I should think that at full power, the bootstrap cap can see up to 1/2 Vrail + Vp in the opposite direction, assuming the divider resistors around the bootstrap cap are of equal value, as is the case with this design of yours.
So if the amp was running on 35V rails and could hit 32Vp on clip onset then the cap might see up to 49.5V. In that example I would use 50V rated decoupling caps in the power supply and a 63V one for the bootstrap.
That's interesting about the caps. I always try to keep electros away from heat source that is dissipating more than about 100mW as every 10C increase in ambient temp is said to halve the life of the cap!

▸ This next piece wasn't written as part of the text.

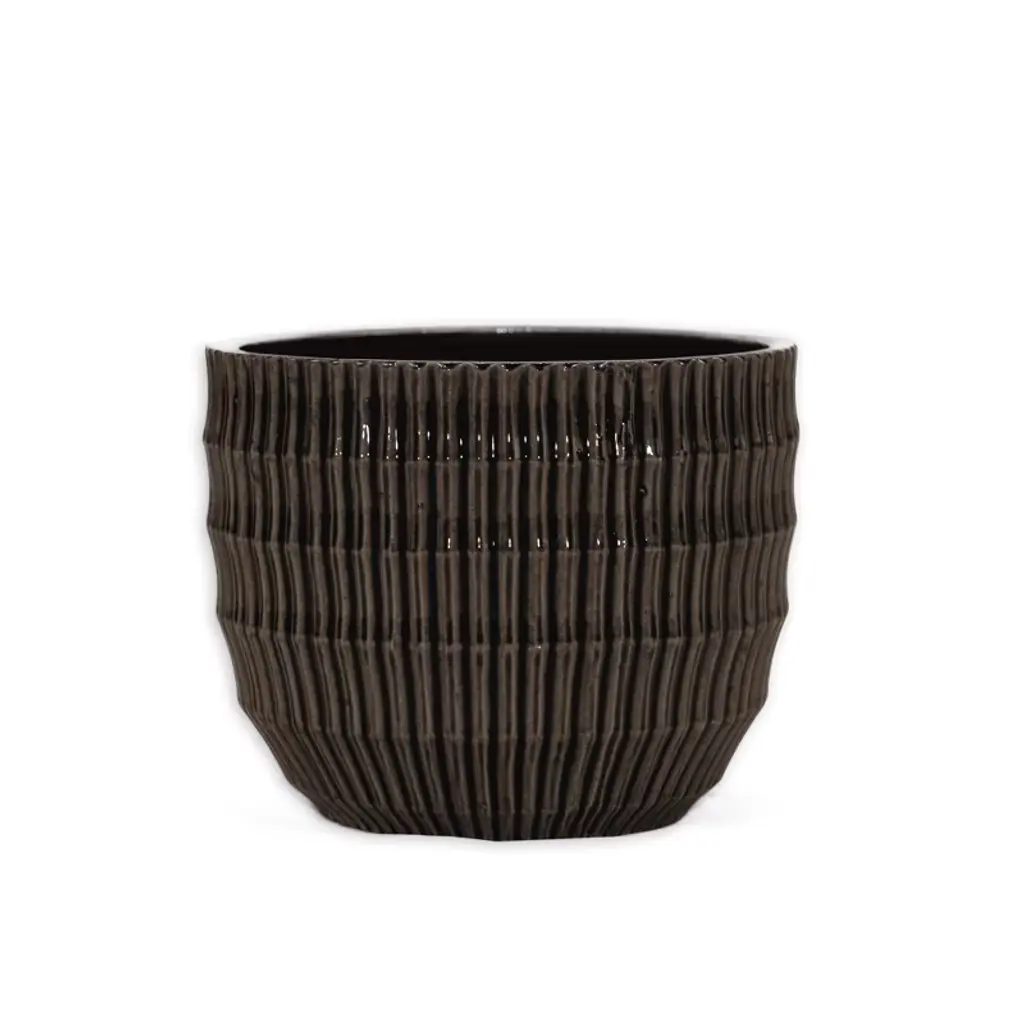 This ceramic planter pot features a coiled design and glossy finish, bringing a clean, sculptural finish to your greenery. Style it with a leafy plant or sculptural succulent to add a fresh touch to any shelf, tabletop, or windowsill.

I should think that at full power, the bootstrap cap can see up to 1/2 Vrail + Vp in the opposite direction, assuming the divider resistors around the bootstrap cap are of equal value, as is the case with this design of yours.

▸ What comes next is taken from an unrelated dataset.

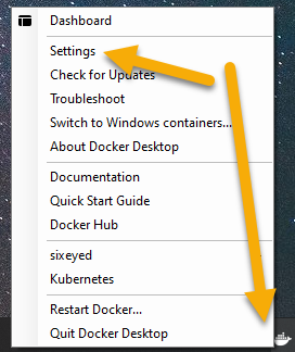 Docker downloads all the Kubernetes components and sets them up. That can take a few minutes too. When the Docker logo and the Kubernetes logo in the UI are both green, everything is running.
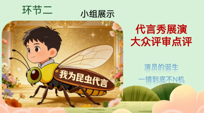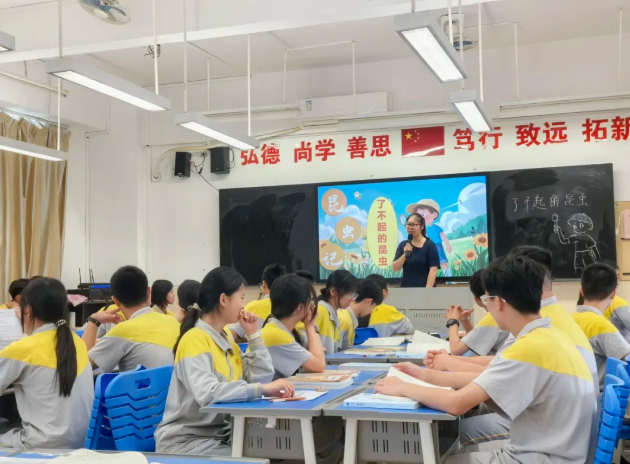 《昆虫记》名著同课异构主打趣味与项目化设计。梁老师以封面竞选为情境,让同学们通过抢答、展演感受昆虫特质,树立敬畏生命意识并衔接中考。

So if the amp was running on 35V rails and could hit 32Vp on clip onset then the cap might see up to 49.5V. In that example I would use 50V rated decoupling caps in the power supply and a 63V one for the bootstrap.
Ummm...
Why "+ Vp in the opposite direction"?
The bootstrap cap sees 1/2 Vrail and this voltage is virtually constant, regardless of the amplitude of the output signal. It's the same at idle or at the full swing.
That's the way dynamic load for the drivers is working, the reason why dinamic impedance of the drivers' load is much higher than the static one.
Why "+ Vp in the opposite direction"?
The bootstrap cap sees 1/2 Vrail and this voltage is virtually constant, regardless of the amplitude of the output signal. It's the same at idle or at the full swing.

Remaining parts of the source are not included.